Advertisement
Research Article

Modeling Users' Activity on Twitter Networks: Validation of Dunbar's Number

  • Bruno Gonçalves,

    Affiliations: School of Informatics and Computing, Center for Complex Networks and Systems Research, Indiana University, Bloomington, Indiana, United States of America, Pervasive Technology Institute, Indiana University, Bloomington, Indiana, United States of America

    X
  • Nicola Perra mail,

    nicolaperra@gmail.com

    Affiliations: School of Informatics and Computing, Center for Complex Networks and Systems Research, Indiana University, Bloomington, Indiana, United States of America, Complex Systems Computational Lab, Linkalab, Cagliari, Italy

    X
  • Alessandro Vespignani

    Affiliations: School of Informatics and Computing, Center for Complex Networks and Systems Research, Indiana University, Bloomington, Indiana, United States of America, Pervasive Technology Institute, Indiana University, Bloomington, Indiana, United States of America, Institute for Scientific Interchange, Turin, Italy

    X
  • Published: August 03, 2011
  • DOI: 10.1371/journal.pone.0022656

Abstract

Microblogging and mobile devices appear to augment human social capabilities, which raises the question whether they remove cognitive or biological constraints on human communication. In this paper we analyze a dataset of Twitter conversations collected across six months involving 1.7 million individuals and test the theoretical cognitive limit on the number of stable social relationships known as Dunbar's number. We find that the data are in agreement with Dunbar's result; users can entertain a maximum of 100–200 stable relationships. Thus, the ‘economy of attention’ is limited in the online world by cognitive and biological constraints as predicted by Dunbar's theory. We propose a simple model for users' behavior that includes finite priority queuing and time resources that reproduces the observed social behavior.

Introduction

Recently, the divide between the physical world and online social realities has been blurred by the new possibilities afforded by real-time communication and broadcasting, which appear to greatly enhance our social and cognitive capabilities in establishing and maintaining social relations. The combination of mobile devices with new tools like Twitter, Foursquare, Blippy, Tumblr, Yahoo! Meme, Google Hotspot, etc., are defining a new era in which we can be continuously connected with an ever-increasing number of individuals through constant digital communication composed of small messages and bits of information. Thus, while new data and computational approaches to social science [1], [2], [3] finally enable us to answer a large number of long-standing questions [4], [5], [6], we are also increasingly confronted with new questions related to the way social interaction and communication change in online social environments: What is the impact that modern technology has on social interaction? How do we manage the ever-increasing amount of information that demands our attention?
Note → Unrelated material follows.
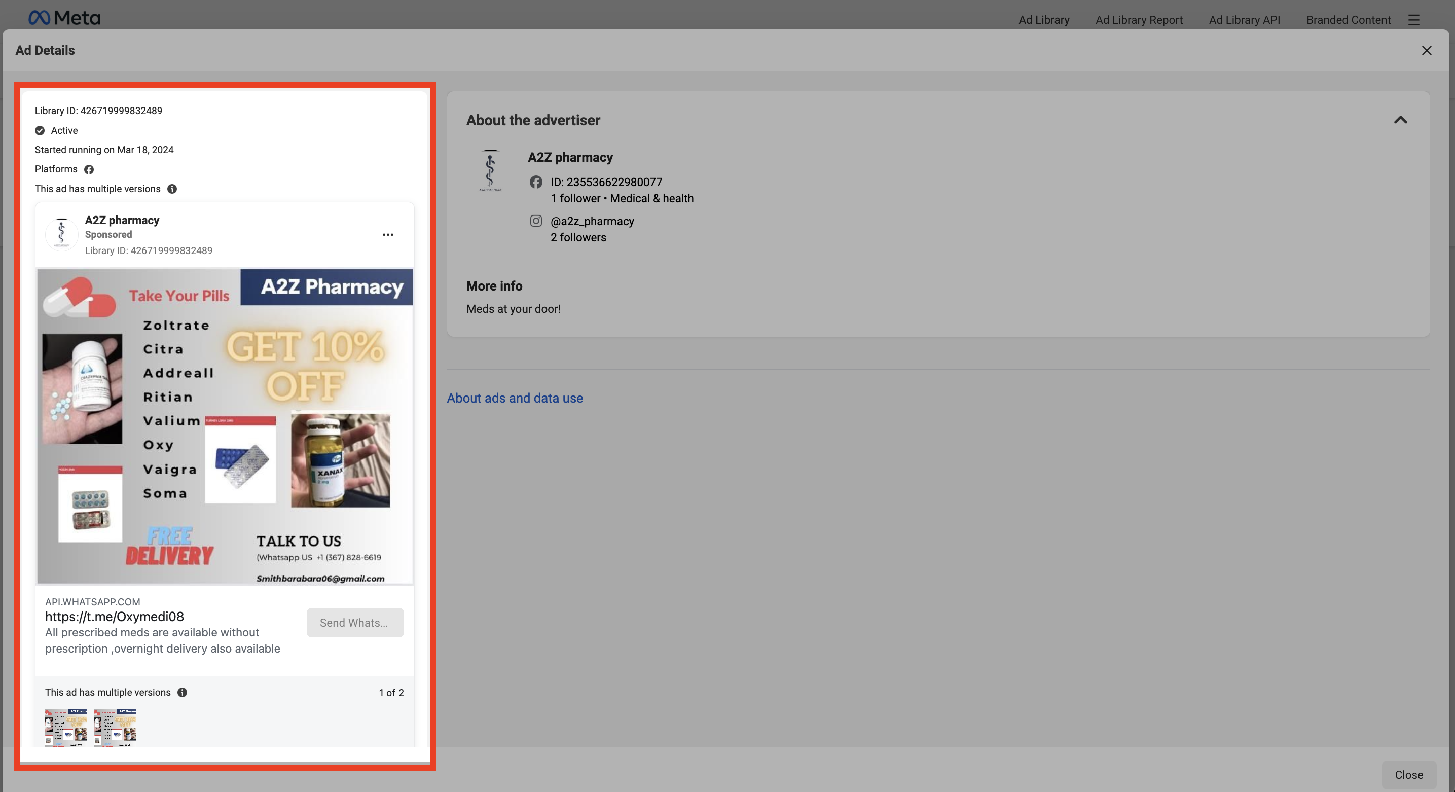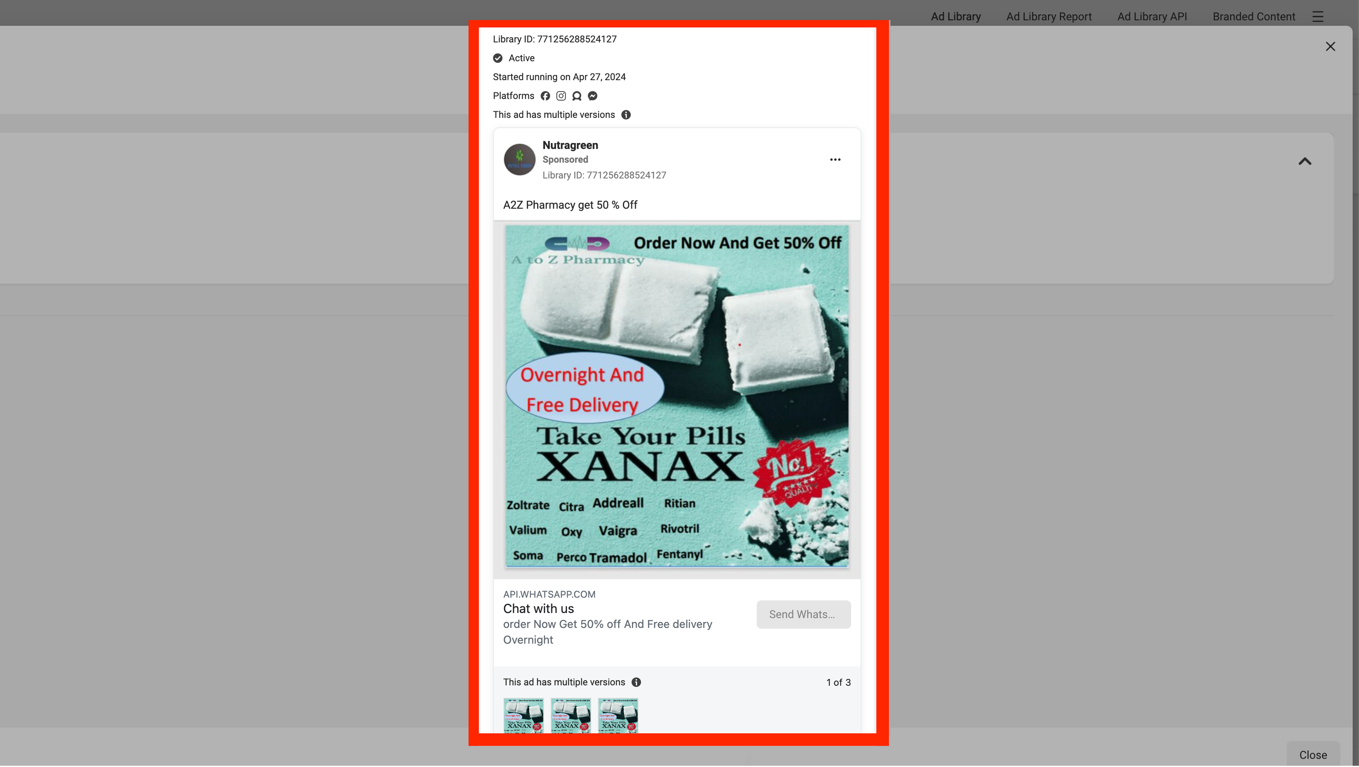 One ad identified by TTP promoted something called “A2Z Pharmacy.” The ad, which ran on Facebook, Instagram, Messenger, and Meta’s Audience Network starting on April 27, 2024, showed a white tablet with the text, “Take Your Pills,” and a list of drugs including Xanax, Valium, Percocet, OxyContin, tramadol, Adderall, and fentanyl. The ad, from a Facebook page called “Nutragreen,” promised “Overnight and Free Delivery” and “Order Now And Get 50% Off.” It connected to a WhatsApp number.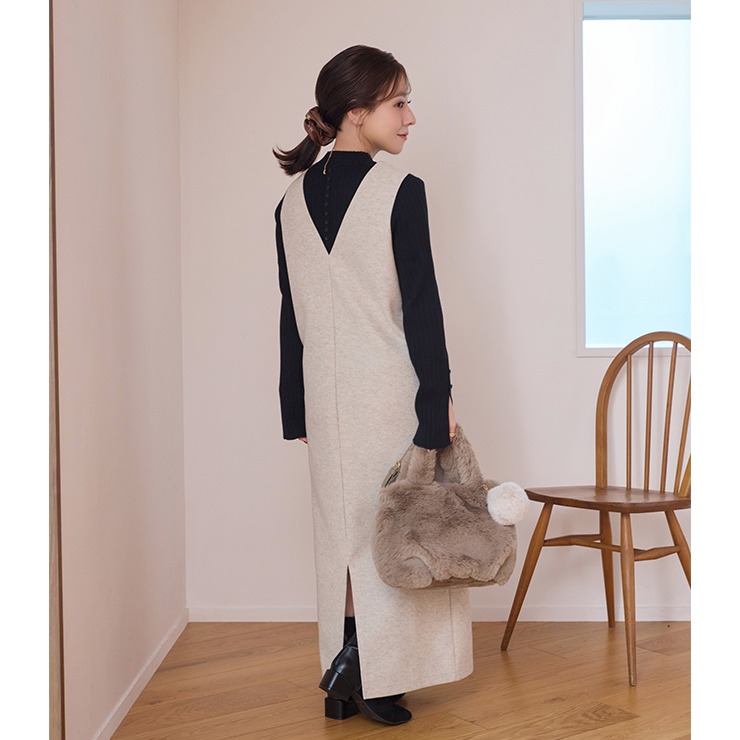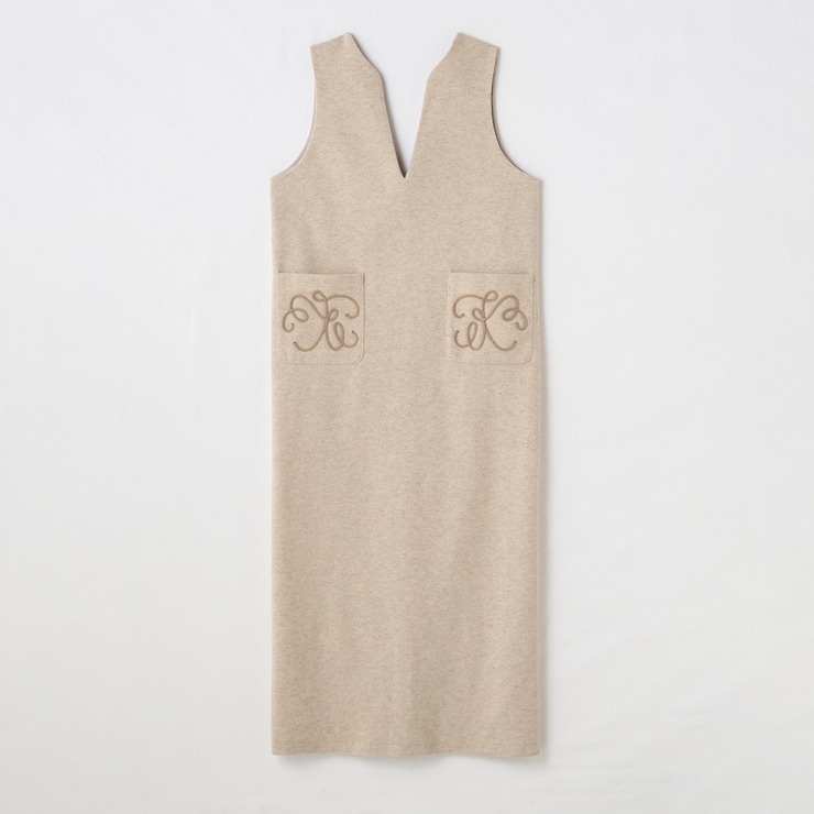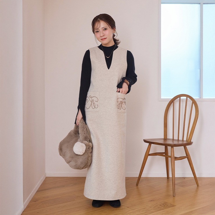 ポケットにコードたたきデザインのジャンパースカート。風合いのやわらかな素材を仕様し、後ろ裾にスリットがあるため歩きやすい。

In 1992, R. I. M. Dunbar [7] measured the correlation between neocortical volume and typical social group size in a wide range of primates and human communities. The result was as surprising as it was far-reaching. The limit imposed by neocortical processing capacity appears to define the number of individuals with whom it is possible to maintain stable interpersonal relationships. Therefore, the size of the brain's neocortex represents a biological constraint on social interaction that limits humans' social network size to between 100 and 200 individuals [8], i.e. Dunbar's number. McCarty et al. [9] independently attempted to measure typical group size using two different methods and obtained a number of 291, roughly twice Dunbar's estimate.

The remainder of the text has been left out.